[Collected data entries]

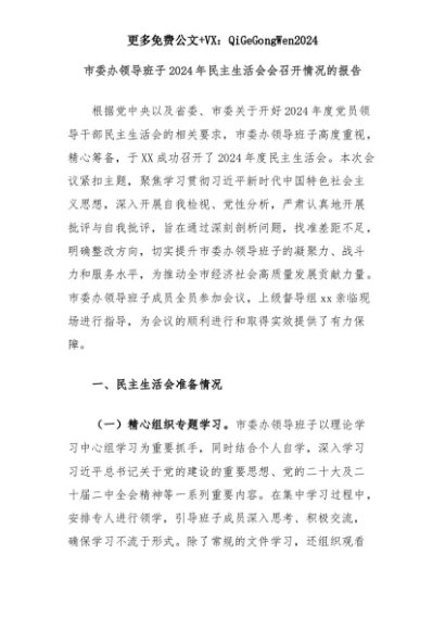 【七哥公文】2025年:市委办领导班子2024年民主生活会会召开情况的报告+更多免费公文+VX:QiGeGongWen2024+更多免费公文+VX:QiGeGongWen2024
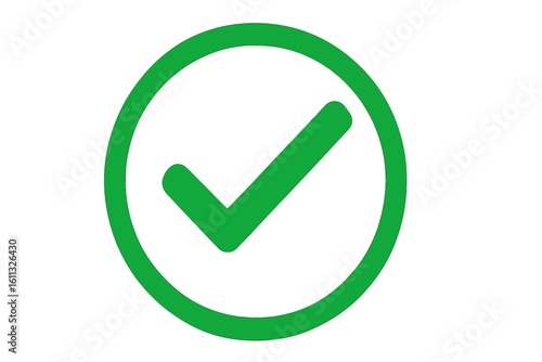 Green check mark icon. Approved symbol. Correct sign. Accept button for vote, election choice. Tick in circle. Quality check. Yes, ok, success & validation concept.
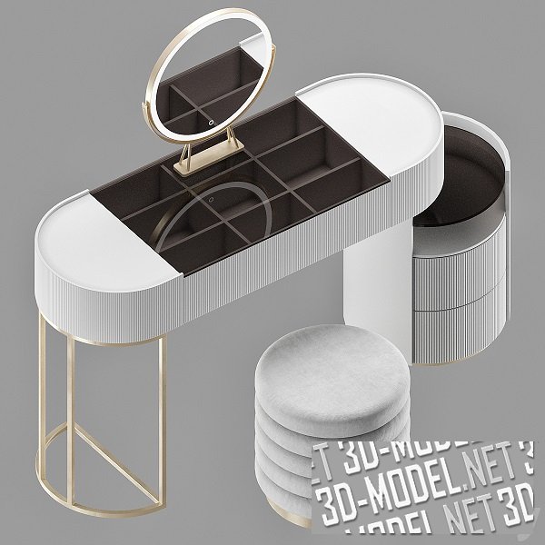 Белый с золотистыми металлическими элементами косметический столик с овальной поверхностью, интегрированной круглой тумбой, круглое настольное зеркало и цилиндрический мягкий пуф со светло-серой обивкой. Пуф выполнен в виде пяти плоских мягких «таблеток» на золотистом цоколе. Прямоугольная часть столешницы изготовлена из черного полупрозрачного стекла. Под ним просматриваются перегородки ячеек в объеме выдвижного ящика. Полукруглые части столешницы по бокам - белые, с невысоким бортиком. Боковые плоскости овального корпуса стола и фасад выдвижного ящика отделаны гофрированным материалом с узкой вертикальной фрезеровкой. Такая же отделка и у фасадов двух выдвижных ящиков на тумбе. Верхняя круглая плоскость тумбы - черное стекло. Габарит столика: 120х42х75см. Габарит зеркала на золотистой подставке - 43х52см.
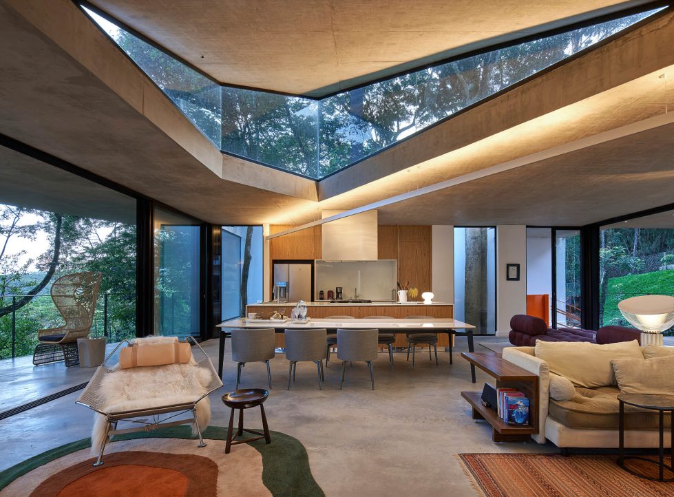 Introducing a true architectural masterpiece, the Açucena House, a sanctuary nestled within the verdant embrace of the Atlantic Rainforest in Brazil. Enveloped by towering leafy giants, vibrant foliage, and teeming with indigenous avian and wildlife, this stunning residence harmoniously merges with its untamed surroundings. Poised on the undulating slopes of Nova Lima in Minas Gerais, Açucena House is a testament to architectural ingenuity in the face of challenging topography.
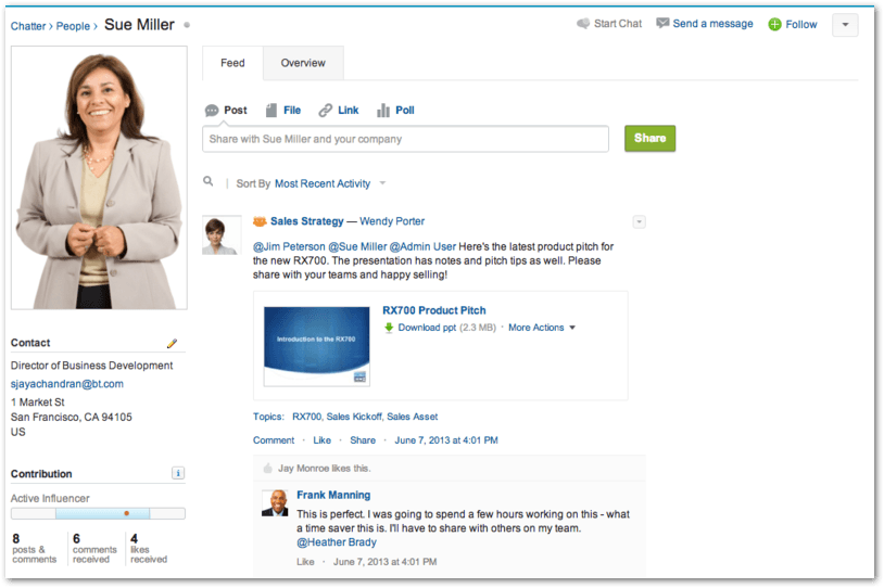 Sales Staff Departure One of your sales team leaves the company gets promoted or moved to another sales territory. Often this person has a great deal of knowledge about their customers that may not have been reflected in Salesforce. Maybe it’s just a subtle way in which they operate, who they are influenced by, or their favorite sports team. A quick shout out to the rest of the team can capture that key piece of information that you need to progress a deal. Having this information stored in Chatter on the contact record for this customer means it is always available in the future and can be a quick reminder for sales staff.
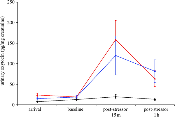 Уровень окситоцина у девочек. Синяя линия — телефонное общение, красная — непосредственный контакт. Черная линия — контрольная группа. График из обсуждаемой статьи в Proceedings of Royal Society B
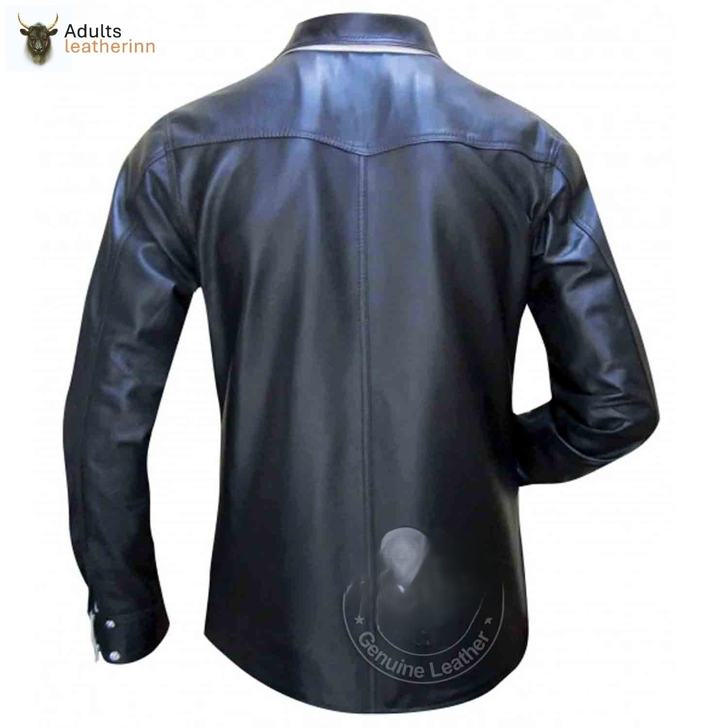 Men’s Real Sheep Nappa Leather Full Sleeve BLUF Bespoke Tailored Shirt in Black and White Two Tone
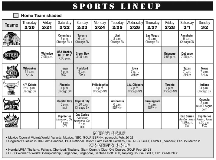 Sports Lineup February 20 through March 2
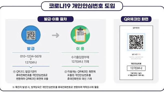 개인정보보호위원회와 중앙방역대책본부는 오늘부터 다중이용시설을 이용하며 써야 했던 수기명부에 휴대전화 번호 대신 개인안심번호를 쓸 수 있도록 했다고 밝혔습니다.
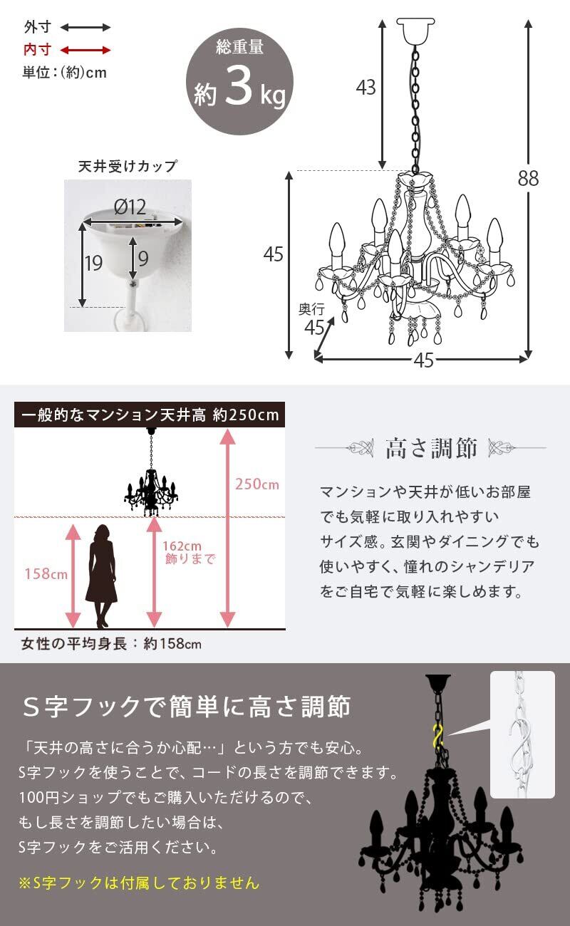 【本体サイズ】:(約)幅45×奥行45×高さ45㎝/ソケット部+チェーンの長さ(約)43㎝
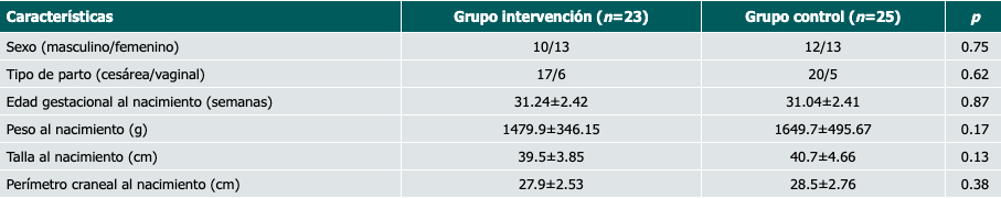 Las variables antropométricas al alta hospitalaria también fueron significativamente más altas en el grupo de intervención, en comparación con el grupo control, para la altura (p = 0.01), el peso (p < 0.001) y el perímetro craneal (p = 0.04).
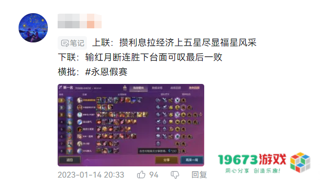 更有一些小机灵鬼儿,趁着别人都在玩福星走连败,掏出一套强力阵容,偷摸着打出19连胜上分的,还真是蛮会整活的。

__What is expected__. Repeat the entries verbatim; no pictures.

__Your response__.
 【七哥公文】2025年:市委办领导班子2024年民主生活会会召开情况的报告+更多免费公文+VX:QiGeGongWen2024+更多免费公文+VX:QiGeGongWen2024
 Green check mark icon. Approved symbol. Correct sign. Accept button for vote, election choice. Tick in circle. Quality check. Yes, ok, success & validation concept.
 Белый с золотистыми металлическими элементами косметический столик с овальной поверхностью, интегрированной круглой тумбой, круглое настольное зеркало и цилиндрический мягкий пуф со светло-серой обивкой. Пуф выполнен в виде пяти плоских мягких «таблеток» на золотистом цоколе. Прямоугольная часть столешницы изготовлена из черного полупрозрачного стекла. Под ним просматриваются перегородки ячеек в объеме выдвижного ящика. Полукруглые части столешницы по бокам - белые, с невысоким бортиком. Боковые плоскости овального корпуса стола и фасад выдвижного ящика отделаны гофрированным материалом с узкой вертикальной фрезеровкой. Такая же отделка и у фасадов двух выдвижных ящиков на тумбе. Верхняя круглая плоскость тумбы - черное стекло. Габарит столика: 120х42х75см. Габарит зеркала на золотистой подставке - 43х52см.
 Introducing a true architectural masterpiece, the Açucena House, a sanctuary nestled within the verdant embrace of the Atlantic Rainforest in Brazil. Enveloped by towering leafy giants, vibrant foliage, and teeming with indigenous avian and wildlife, this stunning residence harmoniously merges with its untamed surroundings. Poised on the undulating slopes of Nova Lima in Minas Gerais, Açucena House is a testament to architectural ingenuity in the face of challenging topography.
 Sales Staff Departure One of your sales team leaves the company gets promoted or moved to another sales territory. Often this person has a great deal of knowledge about their customers that may not have been reflected in Salesforce. Maybe it’s just a subtle way in which they operate, who they are influenced by, or their favorite sports team. A quick shout out to the rest of the team can capture that key piece of information that you need to progress a deal. Having this information stored in Chatter on the contact record for this customer means it is always available in the future and can be a quick reminder for sales staff.
 Уровень окситоцина у девочек. Синяя линия — телефонное общение, красная — непосредственный контакт. Черная линия — контрольная группа. График из обсуждаемой статьи в Proceedings of Royal Society B
 Men’s Real Sheep Nappa Leather Full Sleeve BLUF Bespoke Tailored Shirt in Black and White Two Tone
 Sports Lineup February 20 through March 2
 개인정보보호위원회와 중앙방역대책본부는 오늘부터 다중이용시설을 이용하며 써야 했던 수기명부에 휴대전화 번호 대신 개인안심번호를 쓸 수 있도록 했다고 밝혔습니다.
 【本体サイズ】:(約)幅45×奥行45×高さ45㎝/ソケット部+チェーンの長さ(約)43㎝
 Las variables antropométricas al alta hospitalaria también fueron significativamente más altas en el grupo de intervención, en comparación con el grupo control, para la altura (p = 0.01), el peso (p < 0.001) y el perímetro craneal (p = 0.04).
 更有一些小机灵鬼儿,趁着别人都在玩福星走连败,掏出一套强力阵容,偷摸着打出19连胜上分的,还真是蛮会整活的。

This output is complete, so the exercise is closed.